• Exercise: In the records below, find the line holding "Elevate your casual" and the line holding "健康経営推進責任者のもと、外". Set down both, with every line between them, exactly.

• Supplied material:
##########
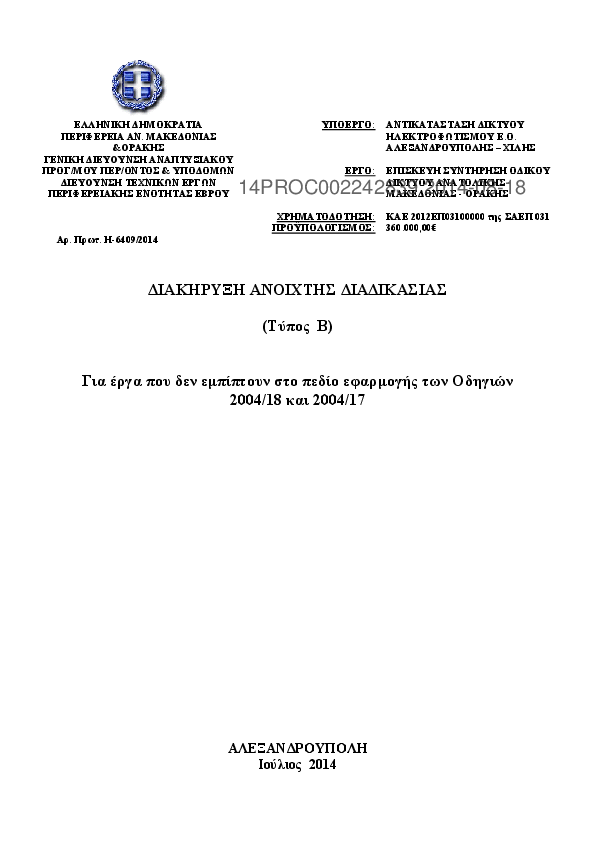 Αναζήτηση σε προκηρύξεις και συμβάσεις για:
##########
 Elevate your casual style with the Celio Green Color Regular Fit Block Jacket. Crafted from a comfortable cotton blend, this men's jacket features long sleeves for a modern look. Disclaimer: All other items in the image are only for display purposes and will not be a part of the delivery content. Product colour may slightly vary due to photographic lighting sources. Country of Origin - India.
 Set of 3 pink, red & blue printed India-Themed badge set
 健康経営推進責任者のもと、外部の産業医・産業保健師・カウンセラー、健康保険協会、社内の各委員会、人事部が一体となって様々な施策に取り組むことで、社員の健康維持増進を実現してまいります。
##########
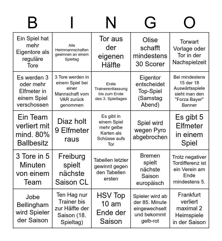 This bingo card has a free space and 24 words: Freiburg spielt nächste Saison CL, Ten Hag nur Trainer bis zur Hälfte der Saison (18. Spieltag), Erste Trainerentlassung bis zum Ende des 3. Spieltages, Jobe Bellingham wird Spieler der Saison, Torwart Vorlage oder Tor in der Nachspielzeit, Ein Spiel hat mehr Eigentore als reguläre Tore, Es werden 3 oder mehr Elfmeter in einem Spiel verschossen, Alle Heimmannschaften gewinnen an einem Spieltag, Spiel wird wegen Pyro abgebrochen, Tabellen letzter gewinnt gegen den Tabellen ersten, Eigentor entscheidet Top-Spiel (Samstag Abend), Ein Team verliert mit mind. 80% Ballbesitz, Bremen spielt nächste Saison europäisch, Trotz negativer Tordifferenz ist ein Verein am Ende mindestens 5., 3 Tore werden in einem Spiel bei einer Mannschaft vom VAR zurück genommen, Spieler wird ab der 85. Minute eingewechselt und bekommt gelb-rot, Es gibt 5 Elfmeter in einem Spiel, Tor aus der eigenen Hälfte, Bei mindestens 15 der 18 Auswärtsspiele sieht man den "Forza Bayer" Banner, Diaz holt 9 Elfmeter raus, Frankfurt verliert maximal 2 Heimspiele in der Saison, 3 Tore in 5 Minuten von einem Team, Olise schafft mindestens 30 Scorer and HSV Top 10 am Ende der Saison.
##########
• Answer area:
 Elevate your casual style with the Celio Green Color Regular Fit Block Jacket. Crafted from a comfortable cotton blend, this men's jacket features long sleeves for a modern look. Disclaimer: All other items in the image are only for display purposes and will not be a part of the delivery content. Product colour may slightly vary due to photographic lighting sources. Country of Origin - India.
 Set of 3 pink, red & blue printed India-Themed badge set
 健康経営推進責任者のもと、外部の産業医・産業保健師・カウンセラー、健康保険協会、社内の各委員会、人事部が一体となって様々な施策に取り組むことで、社員の健康維持増進を実現してまいります。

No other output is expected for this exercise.